■ **WORK TO BE COMPLETED**: Transcribe, word for word and without additions, each line below from the one containing "実寸は 肩幅35cm 脇下身幅47cm" through the one containing "相続手続きは行政書士に任せる", both ends included.

MATERIAL FOR THIS TASK below:

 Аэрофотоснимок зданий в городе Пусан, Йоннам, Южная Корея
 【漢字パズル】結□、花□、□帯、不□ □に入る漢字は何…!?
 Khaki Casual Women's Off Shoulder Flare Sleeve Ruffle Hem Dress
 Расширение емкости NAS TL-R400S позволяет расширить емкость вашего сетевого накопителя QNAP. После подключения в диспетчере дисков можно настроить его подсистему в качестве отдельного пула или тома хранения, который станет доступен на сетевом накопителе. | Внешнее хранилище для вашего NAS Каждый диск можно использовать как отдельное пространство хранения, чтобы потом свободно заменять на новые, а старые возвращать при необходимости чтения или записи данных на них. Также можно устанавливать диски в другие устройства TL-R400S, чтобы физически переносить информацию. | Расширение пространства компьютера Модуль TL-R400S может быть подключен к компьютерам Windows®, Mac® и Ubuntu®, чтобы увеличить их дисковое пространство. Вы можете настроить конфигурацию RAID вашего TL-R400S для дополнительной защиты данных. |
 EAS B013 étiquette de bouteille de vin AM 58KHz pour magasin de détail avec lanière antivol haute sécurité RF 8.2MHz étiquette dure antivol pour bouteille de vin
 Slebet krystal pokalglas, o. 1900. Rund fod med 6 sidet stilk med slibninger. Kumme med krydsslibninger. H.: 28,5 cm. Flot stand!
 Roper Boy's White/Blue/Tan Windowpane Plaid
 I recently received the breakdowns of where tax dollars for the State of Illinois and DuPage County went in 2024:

End of MATERIAL FOR THIS TASK.
MATERIAL FOR THIS TASK below:

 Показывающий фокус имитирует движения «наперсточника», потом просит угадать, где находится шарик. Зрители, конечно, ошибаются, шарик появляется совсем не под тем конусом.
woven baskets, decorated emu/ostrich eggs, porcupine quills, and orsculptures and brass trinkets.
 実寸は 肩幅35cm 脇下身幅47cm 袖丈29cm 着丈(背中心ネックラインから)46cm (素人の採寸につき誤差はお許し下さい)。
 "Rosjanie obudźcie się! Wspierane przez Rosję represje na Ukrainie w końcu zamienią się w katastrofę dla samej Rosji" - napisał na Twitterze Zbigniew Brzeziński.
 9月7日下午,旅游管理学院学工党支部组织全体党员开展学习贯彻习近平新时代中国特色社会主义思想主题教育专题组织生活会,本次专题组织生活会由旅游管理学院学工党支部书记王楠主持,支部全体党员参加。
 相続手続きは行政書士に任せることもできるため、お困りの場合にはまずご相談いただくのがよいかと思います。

End of MATERIAL FOR THIS TASK.

■ **SOLUTION FOR THIS EXERCISE**:
 実寸は 肩幅35cm 脇下身幅47cm 袖丈29cm 着丈(背中心ネックラインから)46cm (素人の採寸につき誤差はお許し下さい)。
 "Rosjanie obudźcie się! Wspierane przez Rosję represje na Ukrainie w końcu zamienią się w katastrofę dla samej Rosji" - napisał na Twitterze Zbigniew Brzeziński.
 9月7日下午,旅游管理学院学工党支部组织全体党员开展学习贯彻习近平新时代中国特色社会主义思想主题教育专题组织生活会,本次专题组织生活会由旅游管理学院学工党支部书记王楠主持,支部全体党员参加。
 相続手続きは行政書士に任せることもできるため、お困りの場合にはまずご相談いただくのがよいかと思います。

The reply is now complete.